Site-by-species presence-absence data frame, with sites as rows and species as columns.

data.env

Site-by-variable data frame, with sites as rows and environmental variables as columns.

Site coordinates, to account for distances between sites.

data.spec.pred

Site-by-species presence-absence data frame or list of data frames, with sites as rows and species as columns, for which zeta diversity will be computed and used as a predictor of the zeta diversity of data.spec.

order

Specific number of assemblages or sites at which zeta diversity is computed.

sam

Number of samples for which the zeta diversity is computed.

reg.type

Type of regression used in the multi-site generalised dissimilarity modelling. Options are "glm" for generalised linear models, "ngls" for negative linear models, "gam" for generalised additive models, "scam" for shape constrained additive models (with monotonic decreasing by default), and "ispline" for I-spline models (forcing monotonic decline), as recommended in generalised dissimilarity modelling by Ferrier et al. (2007).

family

A description of the error distribution and link function to be used in the glm, gam and scam models (see family for details of family functions).

method.glm

Method used in fitting the generalised linear model. The default method "glm.fit.cons" is an adaptation of method glm.fit2 from package glm2 using a constrained least squares regression (default is negative coefficients) in the reweighted least squares. Another option is "glm.fit2", which calls glm.fit2; see help documentation for glm.fit2 in package glm2.

cons

type of constraint in the glm if method.glm = "glm.fit.cons". Default is -1 for negative coefficients on the predictors. The other option is 1 for positive coefficients on the predictors.

cons.inter

type of constraint for the intercept. Default is 1 for positive intercept, suitable for Gaussian family. The other option is -1 for negative intercept, suitable for binomial family.

confint.level

Percentage for the confidence intervals of the coefficients from the generalised linear models.

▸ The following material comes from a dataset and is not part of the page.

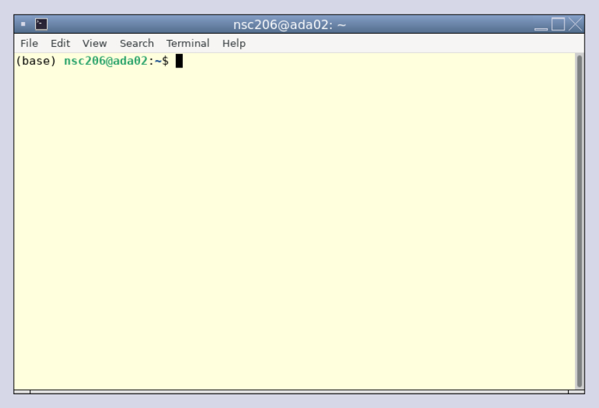 In our case the terminal window looks like the picture below. We are using the terminal window as our shell to interpret our commands to the kernel. Depending on your system and preferences it may look different.
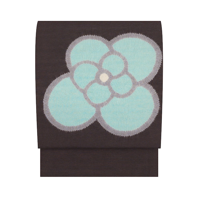 少しだけ赤味の感じられる黒に近い濃い焦げ茶・赤墨色の紬ちりめんの生地に、お太鼓には大きな水色のお花が絞り染めで染められ、源氏鼠色の縁取りをされて中心だけ白く染め抜かれた、ポップな楽しさのある素敵な九寸の開名古屋帯です。 黒に近い焦げ茶色の地に、綺麗な透明感のある秘色色の水色がとても映えていて、なんだか元気の良いイメージで、フレッシュさのある模様がとても魅力となっています。 絞り染めで染められていることによるギザギザした輪郭など、友禅染などとはまた違った面白さもあり、ポップアートのような模様がとてもお洒落です。 素材の紬ちりめんとは、紡いだ緯糸に撚りをかけて織られたもので、一般的なちりめんほどシボが大きくなく、伸縮性も強くはありませんが平織の紬の素材よりは多少弾力性があります。 発色も一般的なちりめんの生地に染められたものほど強くないため、柔らかい印象になります。 表の素材が柔らかいためか、絹の起毛芯が使用されていて、とても軽くお使いいただきやすいことと思います。 こちらの帯の材質ですと、柔らかい素材のお着物にも、趣味系のお洒落着の紬類のお着物にも合わせられますので、幅広くお召しいただけると思います。 地紋無地、江戸小紋、小紋などのお着物と合わせて、お茶のお席や和のお稽古の会などにお召しになるのも良いでしょうし、ちょっとしたお食事の会や観劇、音楽鑑賞などにも良いと思います。 結城紬や大島紬、塩沢お召、紅花紬、信州紬、米沢紬などの産地物のお着物、無地系の光沢のあるような作家物などのお着物、また、みじん格子や万筋などの無地感覚の紬のお着物と合わされるのも良いと思います。 パッとお花が咲いたような華やかさが着こなしのポイントとなってくれそうな、とても素敵な大変おすすめの一点です。 【お品物につきまして】 リサイクル品ですが、シミや汚れなどはなくとても良い状態となっています。 胴の裏面には裏地がついておらず、帯芯に直接かがりつけられた開名古屋帯のお仕立てとなっています。 地の色は赤墨「和色大辞典 #3f312b」https://www.colordic.org/colorsample/3f312b 花の色は秘色色(ひそくいろ)「和色大辞典 #abd9d9」https://www.colordic.org/colorsample/abd9d9 源氏鼠「和色大辞典 #888084」https://www.colordic.org/colorsample/888084 をご参照下さい。 ◆サイズ 長さ:368 cm / 9 尺 7 寸 4 分 太鼓巾:30.2 cm / 8 寸 0 分 ◆詳細 状態:リサイクル品 付属品:反端 ◆商品コード:2020000046226

A two-letter character string indicating the (penalized) smoothing basis to use in the scam model. Default is "mpd" for monotonic decreasing splines. see smooth.terms for an overview of what is available.

Number of knots in the GAM and SCAM. Default is -1 for determining kn automatically using Generalized Cross-validation.

order.ispline

Order of the I-spline.

kn.ispline

Number of knots in the I-spline.

distance.type

Method to compute distance. Default is "Euclidean", for Euclidean distance. The other options are (i) "ortho" for orthodromic distance, if xy correspond to longitudes and latitudes (orthodromic distance is computed using the geodist function from package geodist); and (ii) "custom", in which case the user must provide a distance matrix for dist.custom.

dist.custom

Distance matrix provided by the user when distance.type = "custom".

rescale

Boolean value (TRUE or FALSE) indicating if the zeta values should be divided by the total number of species in the dataset, to get a range of values between 0 and 1. Has no effect if normalize != FALSE.

rescale.pred

Boolean value (TRUE or FALSE) indicating if the spatial distances and differences in environmental variables should be rescaled between 0 and 1.

method

Name of a function (as a string) indicating how to combine the pairwise differences and distances for more than 3 sites. It can be a basic R-function such as "mean" or "max", but also a custom function.

normalize

Indicates if the zeta values for each sample should be divided by the total number of species for this specific sample (normalize = "Jaccard"), by the average number of species per site for this specific sample (normalize = "Sorensen"), or by the minimum number of species in the sites of this specific sample (normalize = "Simpson"). Default value is FALSE, indicating that no normalization is performed.

silent

Boolean value (TRUE or FALSE) indicating if warnings must be printed.

empty.row

Determines how to handle empty rows, i.e. sites with no species. Such sites can cause underestimations of zeta diversity, and computation errors for the normalized version of zeta due to divisions by 0. Options are "empty" to let the data untreated, "remove" to remove the empty rows, 0 to set the normalized zeta to 0 when zeta is divided by 0 during normalization (sites share no species, so are completely dissimilar), and 1 to set the normalized zeta to 1 when zeta is divided by 0 during normalization (i.e. sites are perfectly similar).

control

As for glm.

glm.init

Boolean value, indicating if the initial parameters for fitting the glm with constraint on the coefficients signs for reg.type == "ispline" should be initialised based on the correlation coefficients betwen the zeta values and the environmental difference or distance. glm.init = TRUE helps preventing the error message: error: cannot find valid starting values: please specify some.

Value

Zeta.msgdm returns a list whose component vary depending on the regression technique. The list can contain the following components:

val

Vector of zeta values used in the MS-GDM.

predictors

Data frame of the predictors used in the MS-GDM.

range.min

Vector containing the minimum values of the numeric variables, used for rescaling the variables between 0 and 1 for I-splines (see Details).

range.max

Vector containing the maximum values of the numeric variables, used for rescaling the variables between 0 and 1 for I-splines (see Details).

rescale.factor

Factor by which the predictors were divided if rescale.pred = TRUE and order>1.

order.ispline

The value of the original parameter, to be used in Plot.ispline.

kn.ispline

The value of the original parameter, to be used in Plot.ispline.

model

An object whose class depends on the type of regression (glm, nnnpls, gam or scam; I-splines return and object of class glm), corresponding to the regression over distance for the number of assemblages or sites specified in order.

confint

The confidence intervals for the coefficients from generalised linear models with no constraint. confint is not generated for the other types of regression.

vif

The variance inflation factors for all the variables for the generalised linear regression. vif is not generated for the other types of regression.

Details

The environmental variables can be numeric or factorial.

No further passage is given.